WORK ITEM — Transcribe the data below verbatim from the line with "SB SGD | |||" to the line with "Jubileum uitnodiging 50". Include both of those lines.

RECORDS SUPPLIED —

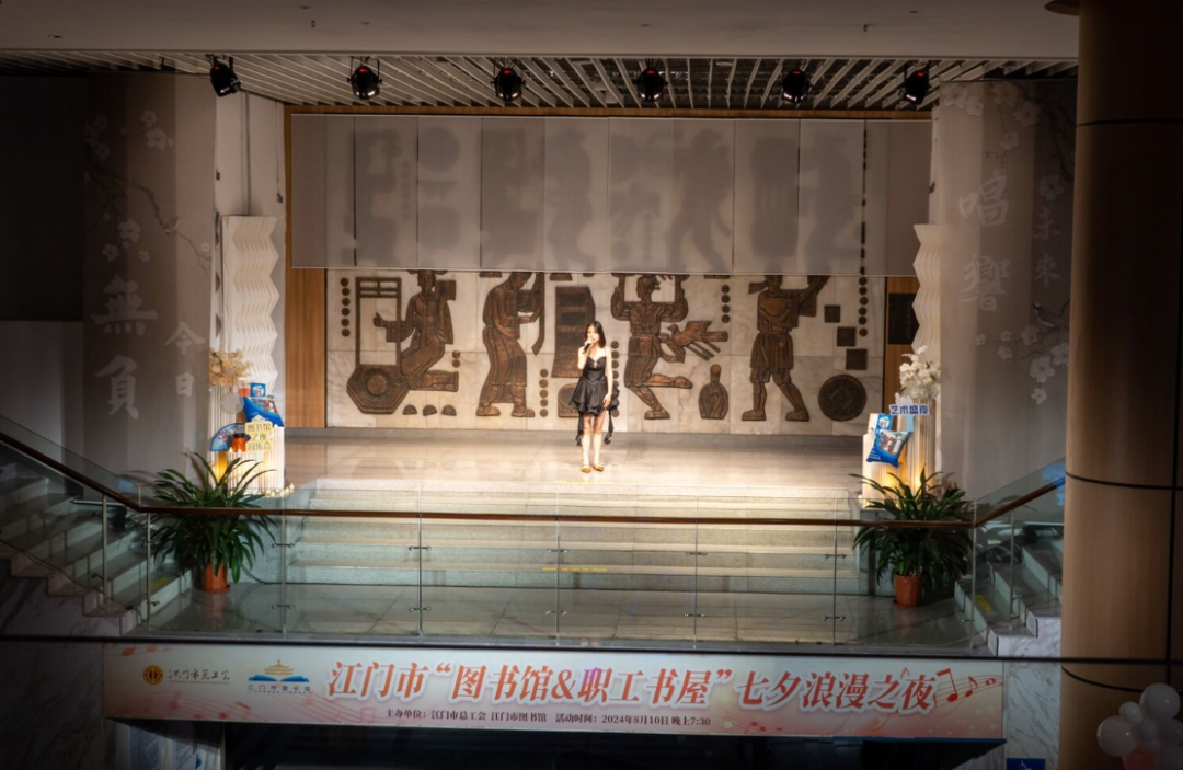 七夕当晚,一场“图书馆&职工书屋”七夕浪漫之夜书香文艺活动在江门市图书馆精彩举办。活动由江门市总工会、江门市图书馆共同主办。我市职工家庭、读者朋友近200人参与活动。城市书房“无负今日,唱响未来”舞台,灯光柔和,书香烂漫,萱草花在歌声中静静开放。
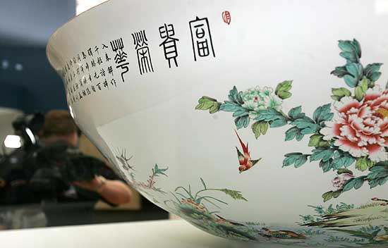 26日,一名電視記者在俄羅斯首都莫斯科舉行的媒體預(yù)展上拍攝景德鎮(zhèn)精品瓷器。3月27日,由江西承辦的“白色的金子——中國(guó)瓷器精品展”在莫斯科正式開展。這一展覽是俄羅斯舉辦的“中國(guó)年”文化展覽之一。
--
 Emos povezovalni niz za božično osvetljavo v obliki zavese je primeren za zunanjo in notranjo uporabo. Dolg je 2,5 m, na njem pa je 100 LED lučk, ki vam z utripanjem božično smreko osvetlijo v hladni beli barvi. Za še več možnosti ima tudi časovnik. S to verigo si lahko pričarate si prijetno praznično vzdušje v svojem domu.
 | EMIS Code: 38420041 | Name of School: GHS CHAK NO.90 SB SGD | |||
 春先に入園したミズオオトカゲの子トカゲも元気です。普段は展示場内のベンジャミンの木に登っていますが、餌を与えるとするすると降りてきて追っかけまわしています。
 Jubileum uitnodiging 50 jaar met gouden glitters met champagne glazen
...
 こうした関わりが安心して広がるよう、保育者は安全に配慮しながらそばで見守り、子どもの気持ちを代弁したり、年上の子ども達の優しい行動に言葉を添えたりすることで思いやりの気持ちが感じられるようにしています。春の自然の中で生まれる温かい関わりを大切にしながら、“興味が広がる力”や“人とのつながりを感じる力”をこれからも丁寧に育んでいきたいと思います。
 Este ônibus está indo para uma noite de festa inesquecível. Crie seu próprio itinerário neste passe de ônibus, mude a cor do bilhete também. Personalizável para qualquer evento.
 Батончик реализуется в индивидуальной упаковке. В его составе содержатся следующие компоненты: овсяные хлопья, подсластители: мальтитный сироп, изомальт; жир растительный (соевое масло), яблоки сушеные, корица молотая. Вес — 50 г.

OUTPUT FOR THIS TASK —
 | EMIS Code: 38420041 | Name of School: GHS CHAK NO.90 SB SGD | |||
 春先に入園したミズオオトカゲの子トカゲも元気です。普段は展示場内のベンジャミンの木に登っていますが、餌を与えるとするすると降りてきて追っかけまわしています。
 Jubileum uitnodiging 50 jaar met gouden glitters met champagne glazen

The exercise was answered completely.